San Gregorio escribe: “parece una locura cómo un Dios, que es autor de la vida, ha querido morir por sus criaturas”. Y el
mismo San Pablo enseña a los Efesios que hemos de “vivir en el amor como Cristo nos amó y se entregó por nosotros” (Ef
5,2). De esta manera nos ha purificado con su Sangre: “nos ama y nos ha lavado con su Sangre de nuestros pecados” (Ap 1,5).

San Buenaventura decía: “¡Oh Dios mío! Me has amado tanto que parece que por mi amor has llegado a odiarte”. Estas son
las cosas que hace escribir al Apóstol: “el amor de Cristo nos apremia” (2 Cor 5,14). Pablo nos está diciendo así que el amor
que nos tiene Jesucristo nos fuerza, de cierto modo, a quererle. ¿Cuántas cosas somos capaces de hacer los hombres por
aquello en que hemos puesto nuestro afecto? Y sin embargo, ¡qué poco estamos dispuestos a hacer por un Dios de bondad
infinita que nos amó hasta la muerte en el patíbulo de la cruz!
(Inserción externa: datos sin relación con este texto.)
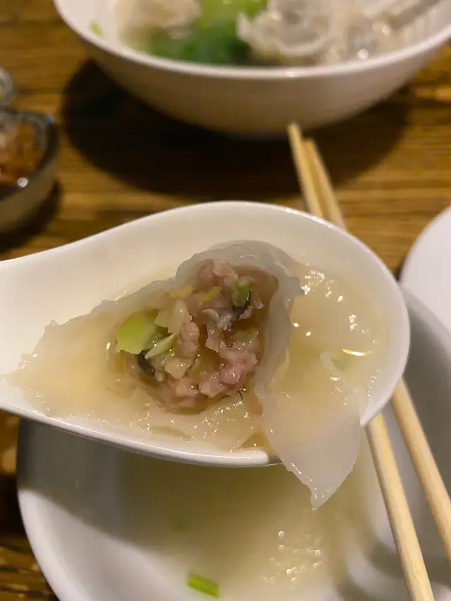 haha我哋兩個點左兩份煎餃子,一碟蔥油雞。一枝豆漿。餃子即叫即煎,開放式廚房睇到同埋聽到廚師煎餃子。我哋一向都好喜愛食煎餃子,呢度嘅煎餃子整體不錯,香口得來沒有肥膩感覺。雲耳椰菜豬肉餃的口感比較多層次,雲耳及椰菜絲也爽口,感覺健康清新。隨碟附有少少辣嘅餃子汁,令到味道更突出。白菜豬肉餃子感覺比較傳統,佢哋用嘅白菜係大白菜,即係好似紹菜,餡料顏色望落去都比較淡。食落去口感比較林,配合酸酸地嘅應該係似鎮江醋,係傳統家庭味道。最後我哋嗌左一碟蔥油雞。蔥油幾香,雞嘅味道都幾鮮,肉質香滑,唔錯。最後食餃子不能忘記配上豆漿😊期待下次再嚟食其他味道的煎餃,及其他小食😊…查看更多
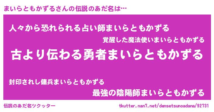 | 男性向けラノベタイトル風あだ名 | 『転生したらまいらともかずるだった件』 |

Imitemos a San Pablo que decía: “Dios me libre de gloriarme si no es en la Cruz de Nuestro Señor Jesucristo” (Gál 6,14). Y
¿qué mayor gloria puede haber que ser amado por un Dios que llegó a dar su Sangre y su vida por cada uno de nosotros? Por
esto, todos cuantos tenemos fe hemos de preguntarnos ¿Cómo es posible tener otro amor distinto del de Dios? ¿Cómo no
amarle viendo sus pies y manos taladrados y soportando el peso de todo su cuerpo Crucificado? ¿Cómo no nos sentiremos
movidos a amar a Jesús viéndole morir de dolor por nuestro amor?

Sobre la Pasión, escribe el profeta Isaías: “Y con todo eran nuestras dolencias las que Él llevaba y nuestros dolores los que
soportaba” (Is 53,4). Y en el versículo siguiente añade: “Él ha sido herido por nuestras rebeldías, molido por nuestras culpas”
(Is 53,5).

Por consiguiente, Jesucristo sufrió estas penas y dolores para liberarnos de ellas. Jesucristo se nos deja ver sobre una Cruz,
atravesado por tres clavos, derramando su Sangre y agonizando entre enormes dolores. Yo pregunto: ¿por qué se nos
presenta a Jesús en un estado tan conmovedor? ¿Busca nuestra compasión? No, ciertamente que no. Jesús no busca nuestra
compasión sino nuestro amor.

Ya nos había dicho: “Con amor eterno te he amado” (Jr 31,3), pero, al ver que no bastaba esta aclaración para superar nuestra
tibieza, y para movernos a su amor, nos demostró, en la práctica, cómo era el amor que nos tenía. Por ello, no dudó en morir
de dolores por nosotros y mostrarnos así la inmensidad de su cariño. De esta manera nos lo asegura San Pablo: “Cristo nos
amó y se entregó por nosotros” (Ef 5,2).

No podemos dejar de contemplar, tampoco, a nuestra Madre al pie de la cruz. Su participación totalmente particular en la
obra de nuestra redención llevada a cabo por Jesucristo, la hace corredentora[3], la asocia de una manera del todo singular a
Cristo y nos enseña a nosotros a asociarnos a su pasión.